Giomi: ''Sostegno a mozione Lupi sui certificati''

03 Gennaio 2020

Alla Camera la discussione sull'idoneità medico-sportiva dei runner stranieri per semplificare la loro presenza nelle gare italiane su strada. Il presidente FIDAL: "Auspichiamo approvazione trasversale da tutto il Parlamento"

Verrà discussa mercoledì 8 e giovedì 9 gennaio alla Camera dei Deputati la mozione presentata dall’onorevole Maurizio Lupi ed altri (n. 1-00190 - LEGGI QUI) sulle iniziative volte a promuovere le maratone e ad incentivare la partecipazione di atleti stranieri a tali eventi, con particolare riferimento ai profili afferenti alla tutela sanitaria. Il tema è particolarmente sentito dalla Federazione Italiana di Atletica Leggera, da molti anni impegnata nella semplificazione delle norme interne per poter consentire a tutti i cittadini, italiani e stranieri, di esprimersi liberamente tramite l’attività sportiva, nel rispetto della vigente legislazione statale. La mozione - che ha come primo firmatario l’onorevole Lupi presidente onorario del Montecitorio Running Club, associazione sportiva che raduna i parlamentari di ogni schieramento appassionati di running - è incentrata sulla possibilità da parte degli atleti stranieri non tesserati di partecipare alle manifestazioni agonistiche su territorio italiano presentando la certificazione medica prevista nel proprio paese di origine per la stessa attività, anziché quella rilasciata in Italia secondo l’attuale normativa (fermo restando, come ovvio, il rispetto della tutela sanitaria degli atleti). In tal modo verrebbe semplificato l’iter di partecipazione alle gare sul nostro territorio, come già accade nella maggior parte dei Paesi del mondo, soprattutto in quelli che ospitano manifestazioni di carattere internazionale ad alta partecipazione. 

IL PRESIDENTE FIDAL GIOMI - “Ringraziamo il presidente Lupi per aver dato ancora più forza a una tematica sulla quale la FIDAL e gli organizzatori si battono da tempo - le parole del presidente della FIDAL Alfio Giomi -. Convinti che sia strategica per lo sviluppo delle maratone e delle mezze maratone, da parte nostra c’è il massimo sostegno perché la mozione possa essere approvata in maniera trasversale da tutto il Parlamento e sia finalmente superata questa difficoltà di carattere burocratico”.

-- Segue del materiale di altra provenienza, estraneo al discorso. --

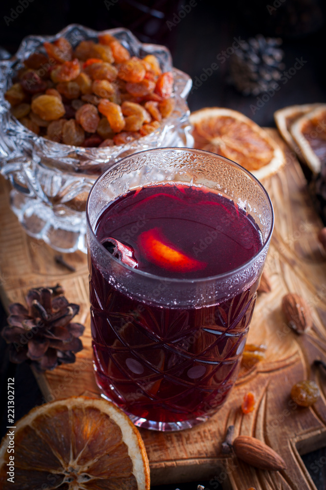 Scandinavian hot alcoholic drink with cinnamon in a glass cup on a wooden board, selective focus

LA NORMATIVA - La vigente normativa è disposta dal Decreto del Ministero della Sanità del 18 febbraio 1982 e prevede l’obbligo di certificazione medica agonistica rilasciata da un medico dello sport iscritto all’albo italiano per tutti i cittadini, ivi compresi gli atleti stranieri, che intendono gareggiare in Italia. Ciò comporta, per i cittadini stranieri, la necessità di organizzare il viaggio in Italia giorni prima rispetto alla gara, con un aggravio di costi e complicazioni, senza la certezza di poter gareggiare. La FIDAL, all’interno del proprio ambito di azione, consente agli atleti stranieri non tesserati di presentare un certificato medico agonistico prodotto nel proprio Paese di origine, purché sia conforme a quanto previsto dal Decreto del 1982 per quanto riguarda la tipologia di esami a cui sottoporsi. Tale apertura ha certamente incentivato la partecipazione ma non ancora nella misura sperata.

LA MOZIONE - Preso atto che le “tali limitazioni riducono di fatto la partecipazione degli atleti stranieri alle maratone italiane con danno economico per gli organizzatori e per il tessuto cittadino di riferimento”, si legge nella mozione, i firmatari Lupi, Occhionero, Zanella, Gagliardi, Schullian, Enrico Costa, Lattanzio, Versace, Pella chiedono al Governo che “si impegni, nel rispetto delle norme di tutela sanitaria presenti in Italia, ad adottare iniziative normative che consentano agli atleti stranieri di potersi iscrivere alle manifestazioni «no-stadia» che si svolgono sul territorio italiano (corsa e marcia su strada, corsa campestre, corsa in montagna, ultramaratona, trail running e nordic walking) basandosi sulle rispettive leggi di tutela sanitaria specifiche relative al proprio Paese di residenza (quindi consentendo, per esempio, ai runner statunitensi di poter presentare in Italia un'autocertificazione così come previsto dalla normativa statunitense)”.